▶ [DATA EXCERPT]
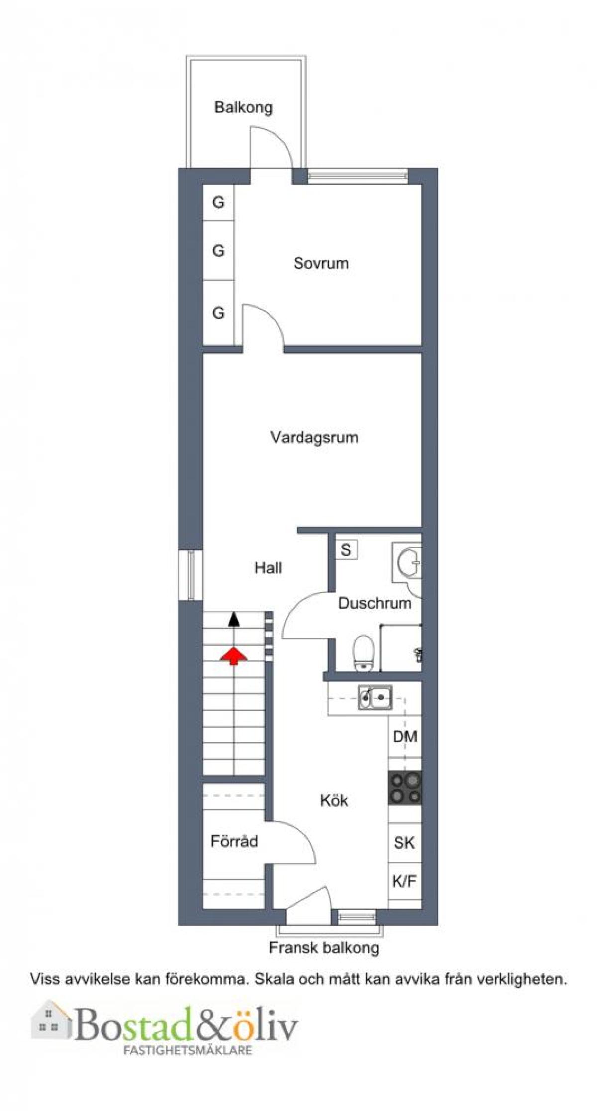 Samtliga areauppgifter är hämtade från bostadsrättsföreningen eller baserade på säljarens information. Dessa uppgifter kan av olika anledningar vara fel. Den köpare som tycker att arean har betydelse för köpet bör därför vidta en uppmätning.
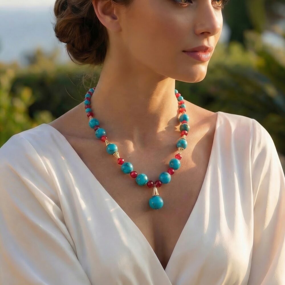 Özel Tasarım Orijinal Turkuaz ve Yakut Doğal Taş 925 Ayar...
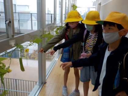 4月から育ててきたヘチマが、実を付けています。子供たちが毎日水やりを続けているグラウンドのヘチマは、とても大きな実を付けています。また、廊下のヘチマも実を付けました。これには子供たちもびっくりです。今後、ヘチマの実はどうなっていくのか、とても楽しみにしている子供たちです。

▶ [WHAT TO WORK ON] None of the pictures should be kept; reproduce all the remaining material exactly.

▶ [RESPONSE]
 Samtliga areauppgifter är hämtade från bostadsrättsföreningen eller baserade på säljarens information. Dessa uppgifter kan av olika anledningar vara fel. Den köpare som tycker att arean har betydelse för köpet bör därför vidta en uppmätning.
 Özel Tasarım Orijinal Turkuaz ve Yakut Doğal Taş 925 Ayar...
 4月から育ててきたヘチマが、実を付けています。子供たちが毎日水やりを続けているグラウンドのヘチマは、とても大きな実を付けています。また、廊下のヘチマも実を付けました。これには子供たちもびっくりです。今後、ヘチマの実はどうなっていくのか、とても楽しみにしている子供たちです。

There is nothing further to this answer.